Honorary Fellow 2015 – Philippa Gregory

24 July 2015

We spoke to Cardiff University’s Honorary Fellow Philippa Gregory. Gregory is a well-known historian and writer. One of her main focuses and passions is writing about the Tudor period and The War of the Roses. She is an author of many well-known novels, including ‘The Other Boleyn Girl’ and ‘The White Queen’.

I spoke to Gregory after she received the Honorary Fellowship and asked her how she felt about receiving such a prestigious accolade. She explained to me that she felt it was a “great honour” to receive this recognition from Cardiff University. It was clear she had a great admiration of the students also, “I think those that chose to come and those that manage to stay have really invested a great deal of themselves in it [their course]”.

I admired Gregory for recognising the pressures that students face during their University life. It really is an outstanding achievement to graduate!

Gregory went on to explain that it was actually at University where her love of History emerged. After beginning to study English Literature at Sussex University she had a change of heart and swapped to study History, “I just had good fortune to have an inspiring historian tutor and I swapped to history. It changed my life.”

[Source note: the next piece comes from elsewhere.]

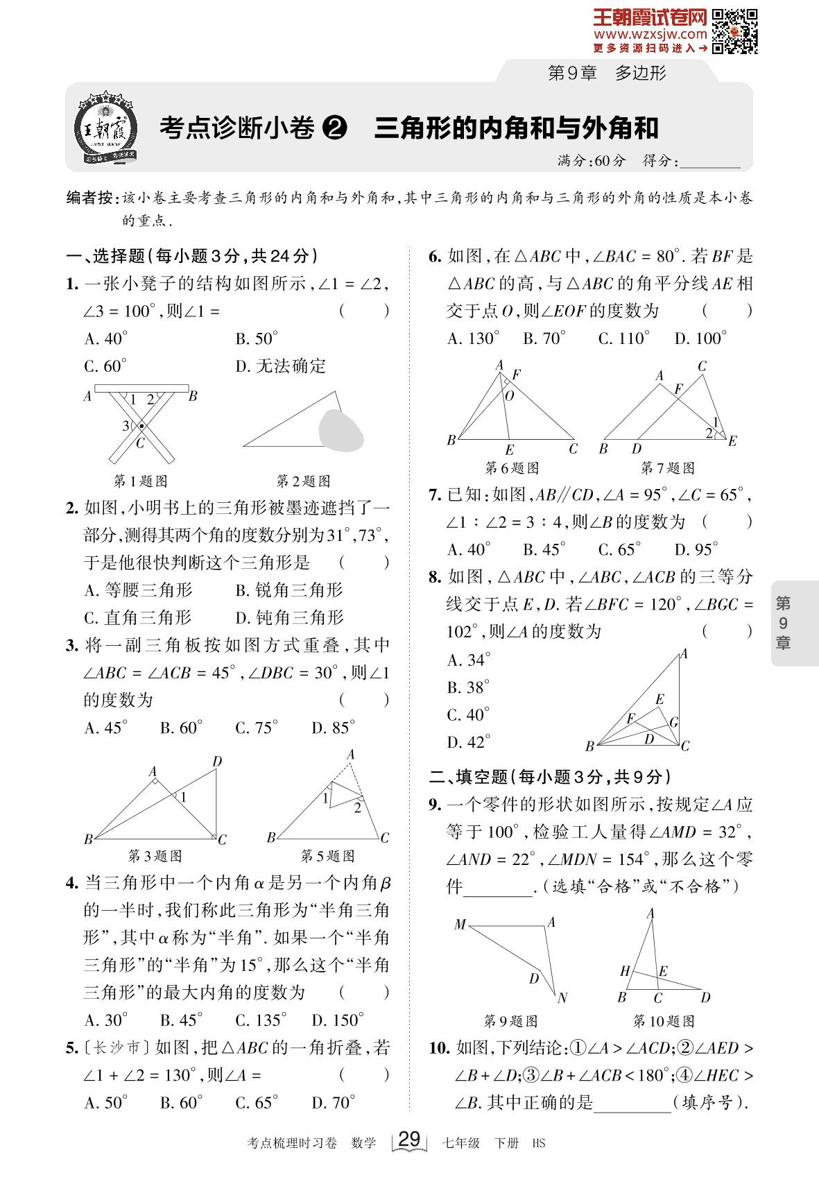 2023下册七年级数学华师版 第9章 考点诊断小卷2 三角形的内角和与外角和

This change set the ball rolling for Philippa’s future career and her love for History, “It seemed to me then and it seems to me still that it is the explanation for everything in the present and if you understand that then you have a very good chance of understanding everything. It is that big to me, it’s everything.”

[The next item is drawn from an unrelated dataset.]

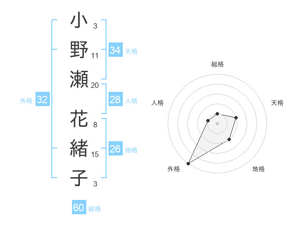 小野瀬 花緒子さんを姓名の画数から五運を鑑定

We can see that the author of such outstanding novels such as ‘The Boleyn Inheritance’ – a sequel to the film-adapted novel ‘The Other Boleyn Girl’ – has a profound love of the Tudor period. Gregory notes that “it [The Tudor period] is such a key period of change, it is really were the medieval world turns into the modern world.”

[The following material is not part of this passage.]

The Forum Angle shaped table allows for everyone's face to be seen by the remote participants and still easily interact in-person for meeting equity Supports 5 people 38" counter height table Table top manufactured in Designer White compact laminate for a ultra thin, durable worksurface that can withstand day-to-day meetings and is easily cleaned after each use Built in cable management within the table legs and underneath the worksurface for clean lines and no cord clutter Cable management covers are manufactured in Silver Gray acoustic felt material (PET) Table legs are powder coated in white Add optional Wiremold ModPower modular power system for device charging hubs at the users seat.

Of course this change sets the course for the world we live in today “There’s obviously religious change, but also there’s this massive political change with the centralisation of power in London and the alienation in many ways of the regions. You see it in Wales and you see it in the North as well.”

As a Journalism student, researching topics is no mystery to me, however I was intrigued to know how you research for a book! Gregory explained that the best method is to read, read, read and to take advantage of the resources around you.

“I read electronically as well so I can order books that I would have had to go to all over the country to read in full. But I also go to libraries and read books that they have in their holdings, their reference books that you can’t borrow.”

“I travel very often to the places that I am going to write about. Sometimes I also talk to local historians…I do that for about a year until I have a sense of who I am going to be writing about. Then I feel ready to start.”

Although Gregory is an extremely busy woman she still finds time to give back through the charity she founded, Gardens for The Gambia. While going out to Africa to carry out research for her novel ‘A Respectable Trade’ she came across a school who were appealing for money to build a well. Gregory explained that she could see that it was a “beautiful little tiny project, which would have so much beneficial effect on the lives of the children”. It was then that Gardens for The Gambia was born. The charity has now “put wells in nearly two hundred schools in The Gambia..[and] has enormous impact”.

Before my interview with Philippa Gregory came to a close I thought it would be important to ask what advice she would give to history graduates or graduates who were interested in pursuing a career in writing. Gregory explained that reading is key, “There is no shortcut to understanding, you have to study, you have to keep reading”.

For those of you that are fans of Philippa Gregory’s writing I was just as excited to hear her future plans “I’m going on a book tour for a new book about Catherine Parr immediately at the beginning of August. I’ve got some scripts in development and I think there will be some more films and television”.